Brief
Leaving out every picture, copy the lines of the material below exactly, from the line containing "पेशेवर ग्रेड 950W" through the line containing "톰브라운 라이트 블루 옥스포드 그로그랭 암밴드 셔츠".

Listed entries
>>>>

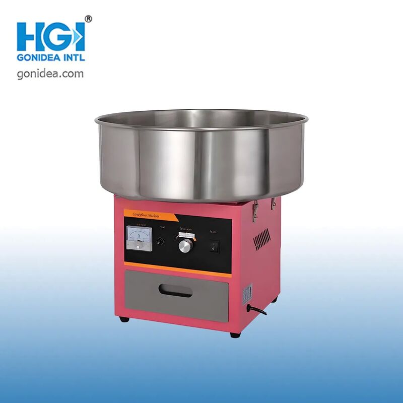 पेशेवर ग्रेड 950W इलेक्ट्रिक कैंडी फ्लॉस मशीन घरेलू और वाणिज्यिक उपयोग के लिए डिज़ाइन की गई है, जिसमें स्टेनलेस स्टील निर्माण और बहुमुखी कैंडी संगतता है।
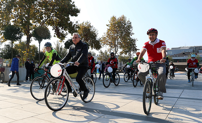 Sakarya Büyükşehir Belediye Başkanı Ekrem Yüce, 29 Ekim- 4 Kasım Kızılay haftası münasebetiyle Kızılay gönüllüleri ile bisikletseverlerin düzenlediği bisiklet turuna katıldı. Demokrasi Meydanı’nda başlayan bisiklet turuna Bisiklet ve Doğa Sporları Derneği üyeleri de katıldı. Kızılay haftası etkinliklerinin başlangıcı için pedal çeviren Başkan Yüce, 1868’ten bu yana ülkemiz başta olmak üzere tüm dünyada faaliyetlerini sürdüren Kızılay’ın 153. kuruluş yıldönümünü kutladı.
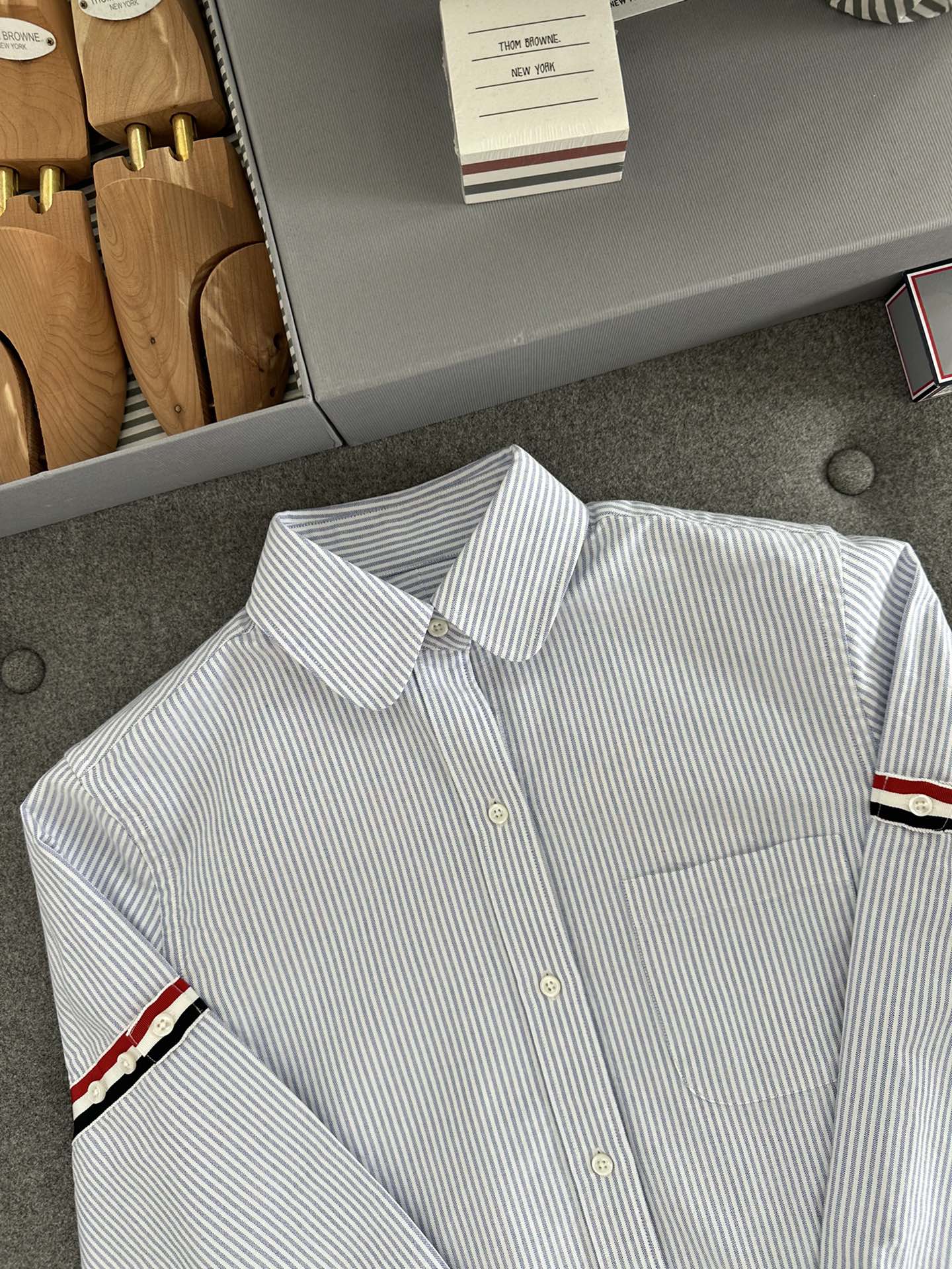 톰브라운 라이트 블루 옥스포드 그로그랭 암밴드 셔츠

<<<<
>>>>

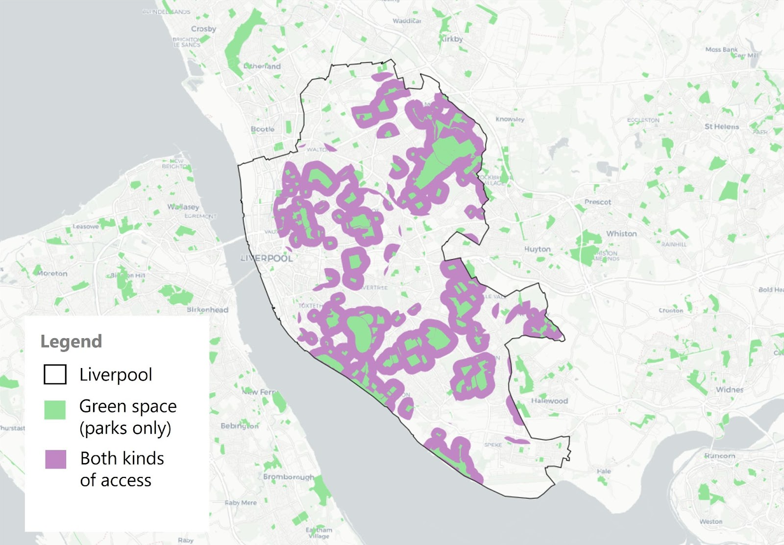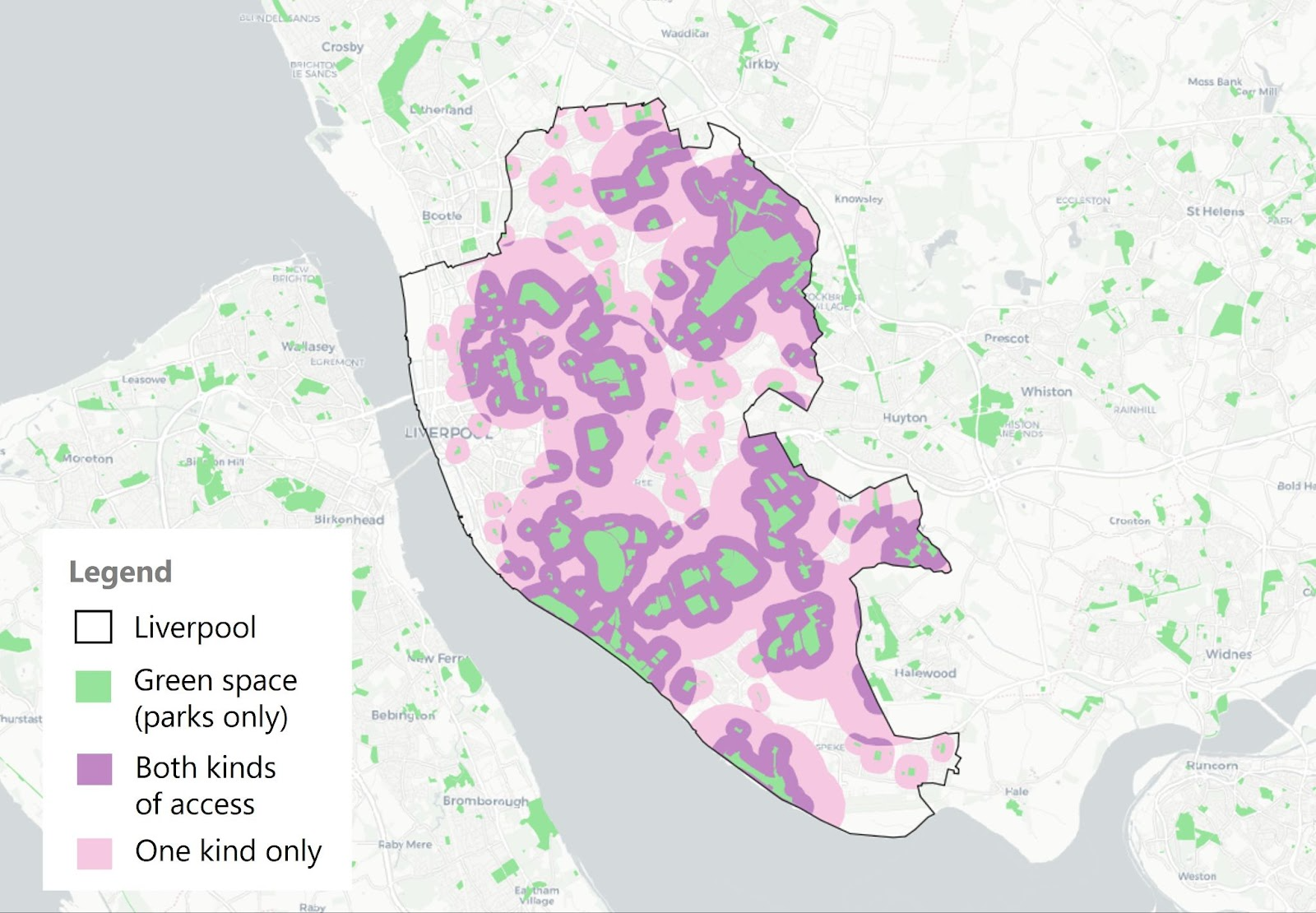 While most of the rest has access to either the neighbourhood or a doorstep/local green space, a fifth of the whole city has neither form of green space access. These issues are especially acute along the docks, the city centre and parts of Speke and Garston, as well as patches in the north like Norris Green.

<<<<
>>>>

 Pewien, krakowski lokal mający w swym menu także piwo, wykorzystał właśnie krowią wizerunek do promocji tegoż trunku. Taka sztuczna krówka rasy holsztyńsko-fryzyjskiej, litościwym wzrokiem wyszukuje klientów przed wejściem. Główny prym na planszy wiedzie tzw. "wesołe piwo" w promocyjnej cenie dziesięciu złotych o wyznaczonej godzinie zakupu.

<<<<

Written answer
 पेशेवर ग्रेड 950W इलेक्ट्रिक कैंडी फ्लॉस मशीन घरेलू और वाणिज्यिक उपयोग के लिए डिज़ाइन की गई है, जिसमें स्टेनलेस स्टील निर्माण और बहुमुखी कैंडी संगतता है।
 Sakarya Büyükşehir Belediye Başkanı Ekrem Yüce, 29 Ekim- 4 Kasım Kızılay haftası münasebetiyle Kızılay gönüllüleri ile bisikletseverlerin düzenlediği bisiklet turuna katıldı. Demokrasi Meydanı’nda başlayan bisiklet turuna Bisiklet ve Doğa Sporları Derneği üyeleri de katıldı. Kızılay haftası etkinliklerinin başlangıcı için pedal çeviren Başkan Yüce, 1868’ten bu yana ülkemiz başta olmak üzere tüm dünyada faaliyetlerini sürdüren Kızılay’ın 153. kuruluş yıldönümünü kutladı.
 톰브라운 라이트 블루 옥스포드 그로그랭 암밴드 셔츠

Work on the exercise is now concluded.